--- Records to process ---

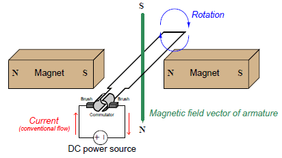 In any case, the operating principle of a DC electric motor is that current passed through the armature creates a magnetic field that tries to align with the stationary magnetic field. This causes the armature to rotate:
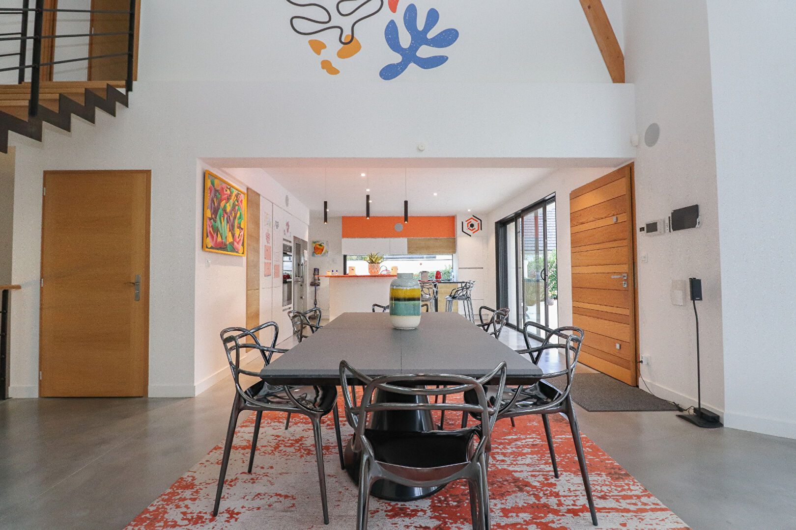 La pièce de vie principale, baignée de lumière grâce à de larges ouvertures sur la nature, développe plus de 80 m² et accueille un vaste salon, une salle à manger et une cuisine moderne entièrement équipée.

---
--- Records to process ---

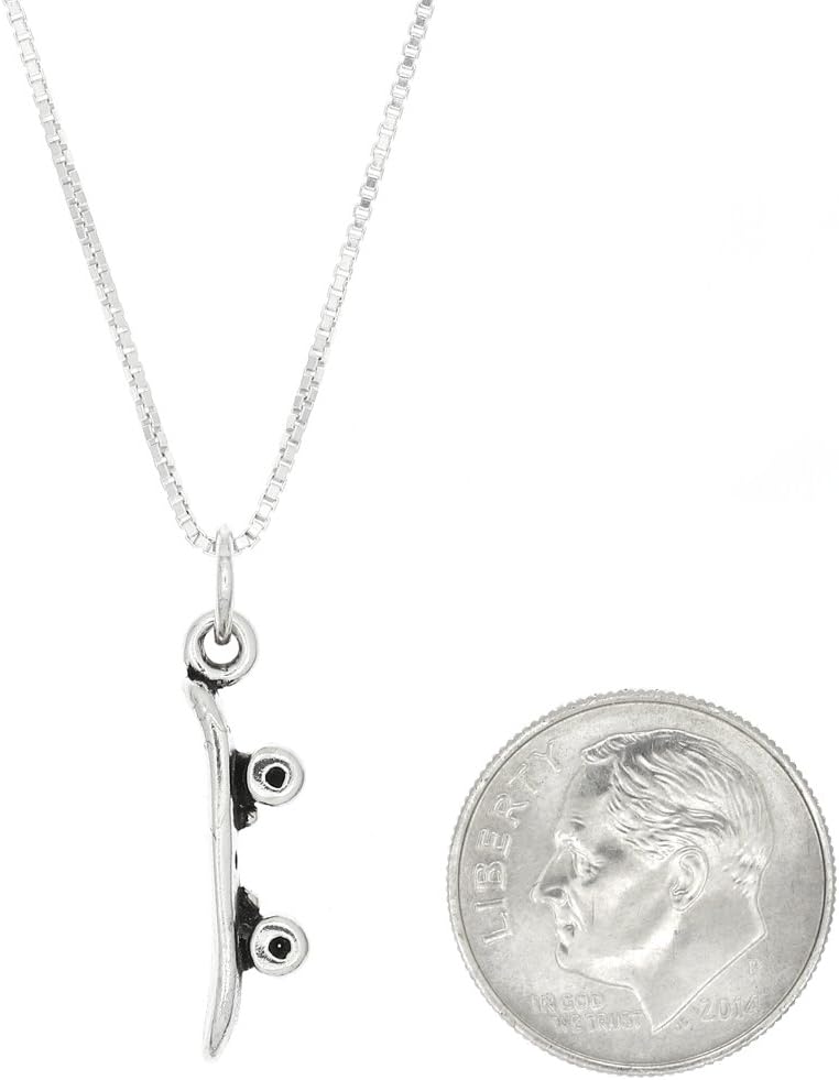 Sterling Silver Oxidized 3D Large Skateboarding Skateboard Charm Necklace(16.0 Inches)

---
--- Records to process ---

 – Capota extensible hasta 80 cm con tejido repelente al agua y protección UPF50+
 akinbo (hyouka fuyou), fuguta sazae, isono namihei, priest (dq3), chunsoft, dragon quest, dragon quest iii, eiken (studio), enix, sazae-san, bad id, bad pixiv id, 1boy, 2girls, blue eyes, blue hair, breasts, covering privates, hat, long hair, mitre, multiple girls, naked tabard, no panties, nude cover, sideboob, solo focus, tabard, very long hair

---

# Exercise prompt:
Within the material above, output exactly the lines from the one with "y protección UPF50+" through the one with "akinbo (hyouka fuyou), fuguta", end lines included, and nothing besides.

# Answer for the task:
 – Capota extensible hasta 80 cm con tejido repelente al agua y protección UPF50+
 akinbo (hyouka fuyou), fuguta sazae, isono namihei, priest (dq3), chunsoft, dragon quest, dragon quest iii, eiken (studio), enix, sazae-san, bad id, bad pixiv id, 1boy, 2girls, blue eyes, blue hair, breasts, covering privates, hat, long hair, mitre, multiple girls, naked tabard, no panties, nude cover, sideboob, solo focus, tabard, very long hair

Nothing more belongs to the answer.